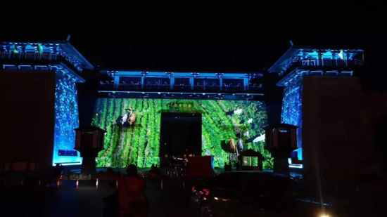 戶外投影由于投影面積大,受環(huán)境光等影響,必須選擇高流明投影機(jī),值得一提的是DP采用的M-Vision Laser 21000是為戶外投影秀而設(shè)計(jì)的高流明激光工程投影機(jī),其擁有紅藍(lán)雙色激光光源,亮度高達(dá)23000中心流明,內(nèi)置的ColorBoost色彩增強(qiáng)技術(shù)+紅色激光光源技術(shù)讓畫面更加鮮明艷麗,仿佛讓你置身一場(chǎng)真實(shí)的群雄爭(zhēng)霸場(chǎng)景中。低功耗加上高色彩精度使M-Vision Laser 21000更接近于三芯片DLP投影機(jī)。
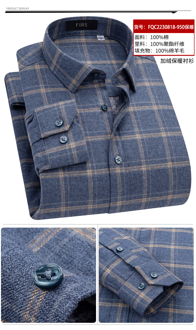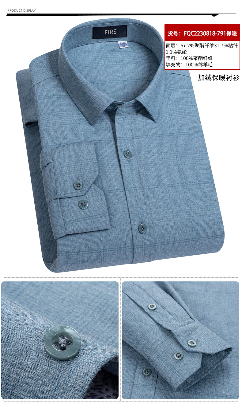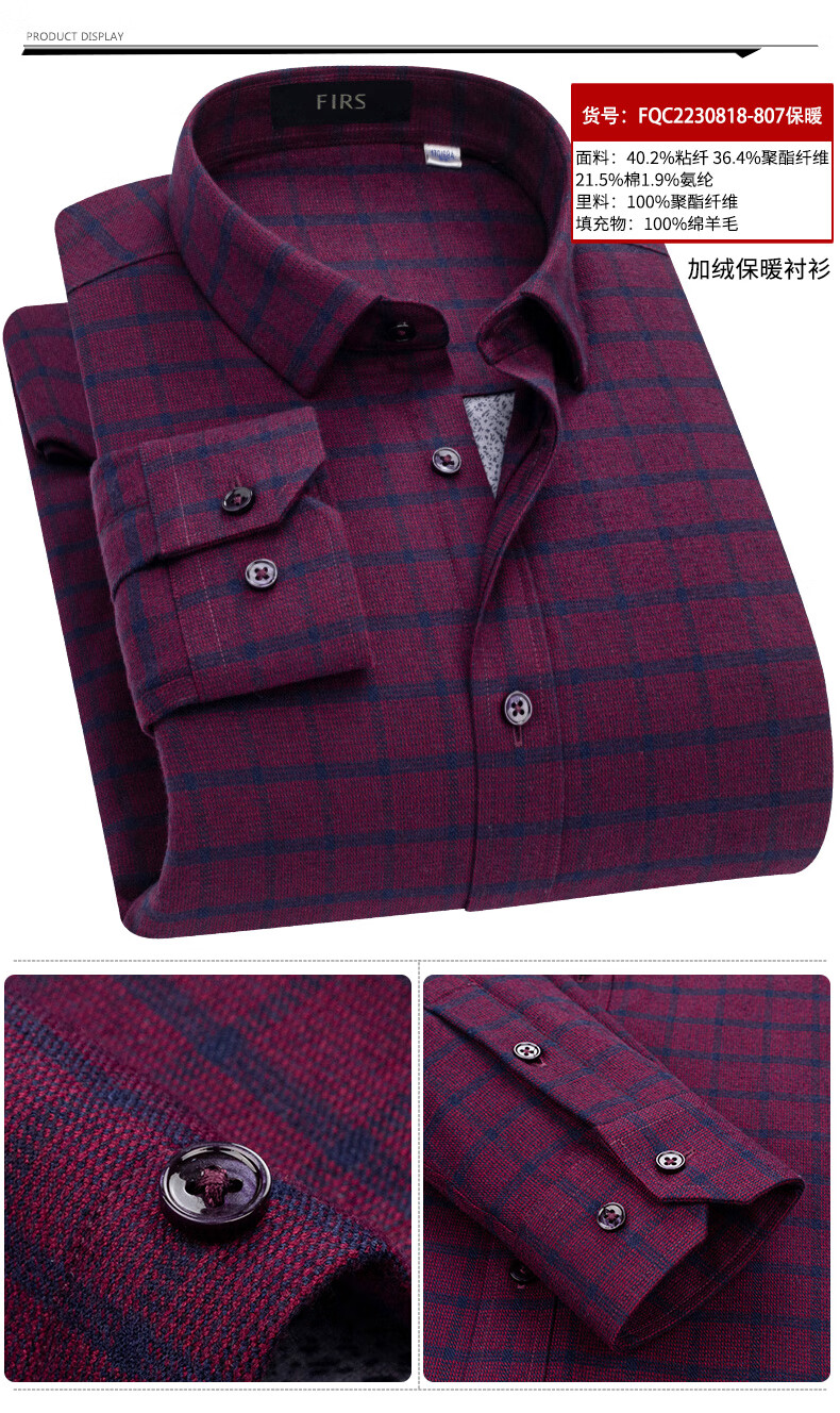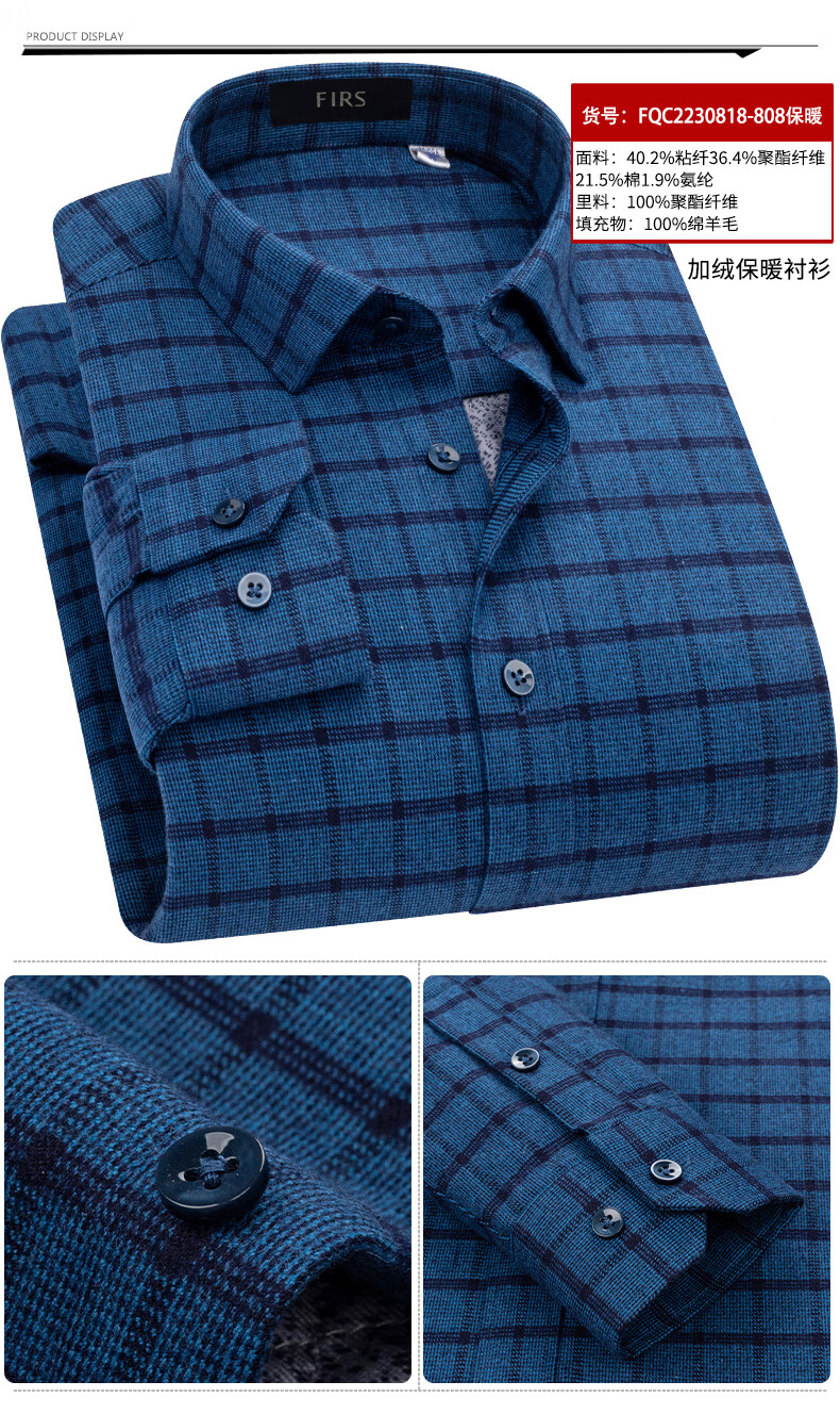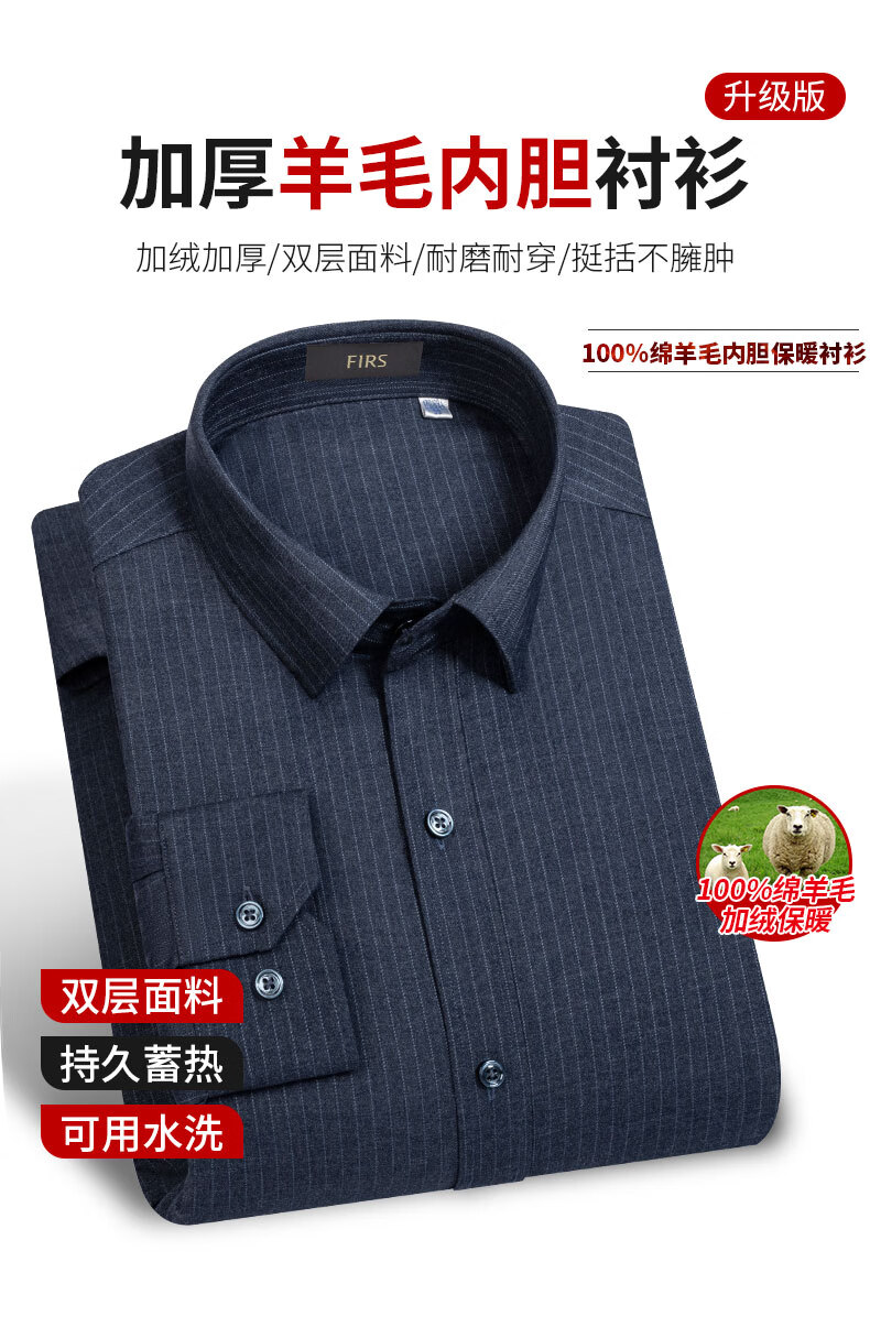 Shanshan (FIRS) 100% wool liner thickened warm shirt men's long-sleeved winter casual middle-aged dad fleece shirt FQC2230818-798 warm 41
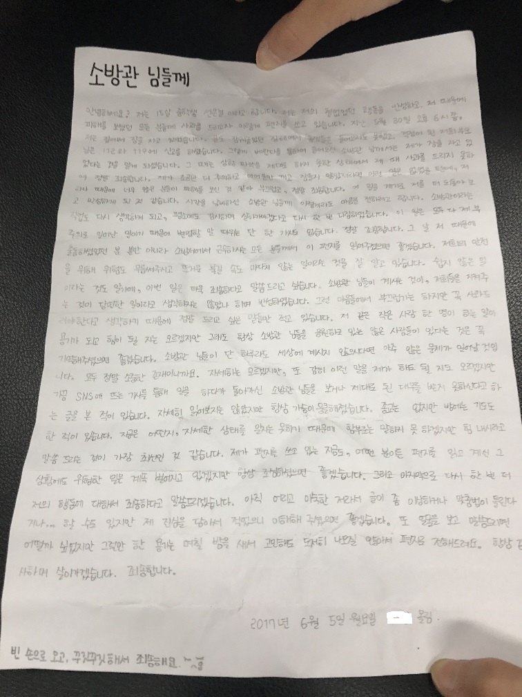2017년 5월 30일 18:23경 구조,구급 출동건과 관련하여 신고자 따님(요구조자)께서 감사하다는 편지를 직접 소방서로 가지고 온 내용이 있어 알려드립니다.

------

**YOUR TASK**
Output all of the data exactly. Skip the pictures.

**EXERCISE RESPONSE**
 戶外投影由于投影面積大,受環(huán)境光等影響,必須選擇高流明投影機(jī),值得一提的是DP采用的M-Vision Laser 21000是為戶外投影秀而設(shè)計(jì)的高流明激光工程投影機(jī),其擁有紅藍(lán)雙色激光光源,亮度高達(dá)23000中心流明,內(nèi)置的ColorBoost色彩增強(qiáng)技術(shù)+紅色激光光源技術(shù)讓畫面更加鮮明艷麗,仿佛讓你置身一場(chǎng)真實(shí)的群雄爭(zhēng)霸場(chǎng)景中。低功耗加上高色彩精度使M-Vision Laser 21000更接近于三芯片DLP投影機(jī)。
 Shanshan (FIRS) 100% wool liner thickened warm shirt men's long-sleeved winter casual middle-aged dad fleece shirt FQC2230818-798 warm 41
2017년 5월 30일 18:23경 구조,구급 출동건과 관련하여 신고자 따님(요구조자)께서 감사하다는 편지를 직접 소방서로 가지고 온 내용이 있어 알려드립니다.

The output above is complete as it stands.